Lindsey refinery insolvency puts hundreds of UK jobs at risk

Article by Adam Duckett

AROUND 400 jobs are at risk after the Lindsey oil refinery on Humberside, UK was placed into insolvency. The UK government has called for an immediate investigation into the directors’ conduct, while a trade union is urging swift government action.

The refinery, which Prax bought from Total in 2021, filed for insolvency on 29 June. The Insolvency Service confirmed today that three businesses are going into liquidation: Lindsey Oil Refinery Limited, Prax Storage Lindsey Limited and Prax Terminals Killingholme Limited.

Financial records show the refinery lost around £75m between 2021 and February 2024. The government said that Prax was unable to adequately answer repeated requests from energy secretary Michael Shanks to share information about its financial gap, and therefore unable to provide the information they needed to assess Lindsey’s financial viability.

Shanks said: “There have been longstanding issues with this company and workers have been badly let down.”

The government has demanded the Insolvency Service immediately investigate the conduct of the company directors and the circumstances surrounding the insolvency.

“The company has left the government with very little time to act,” said Shanks. “The government is supporting the Official Receiver to carry out their statutory duties, including managing the situation on the site to determine next steps. This will include urgently reporting back on all potential uses of the site, prior to a wind-down of the refinery.”

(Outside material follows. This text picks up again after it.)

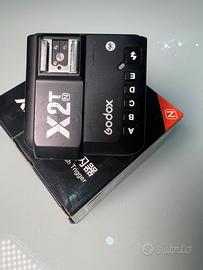 Trigger trasmettitore Godox XT2 per nikon perfettamente funzionante e completo di scatola. Rotto il dentino sportellino batteria. Da fissare con nastro come da foto 3. Vendo per passaggio a altro sistema.

The trade union Unite has demanded the government intervene immediately to protect Lindsey workers and fuel supplies.

Sharon Graham, Unite general secretary, said: “The government needs a short-term strategy to keep Lindsey operating and a sustainable long-term plan to fully protect all oil and gas workers.”

The government noted that the nearby Phillips 66 Humber refinery is the dominant fuel supplier on Humberside and continues to operate in profit.

With a production capacity of around 110,000 bbl/d Lindsey is the smallest of five refineries left in the UK. Its insolvency follows hot on the heels of the closure of the 150,000 bbl/d Grangemouth refinery in Scotland earlier this year. Its owner Petroineos blamed the closure on high maintenance costs, falling demand for fuels and an inability to compete with larger, modern refineries in the Middle East, Asia and Africa.

Following the release of the government’s long-awaited industrial strategy earlier this month, trade group Fuels Industry UK warned that further action was needed to reduce high industrial energy costs and strengthen skills.

Elizabeth de Jong, CEO of Fuels Industry UK, said: "We have told UK government the severe challenges that our sector faces and the policy changes that can keep our remaining refineries competitive. We must now see a shift towards delivering the changes that can make a difference – inclusion in the Carbon Border Adjustment Mechanism and addressing hugely expensive industrial energy and carbon costs – to put us on an even playing field with the rest of the world.”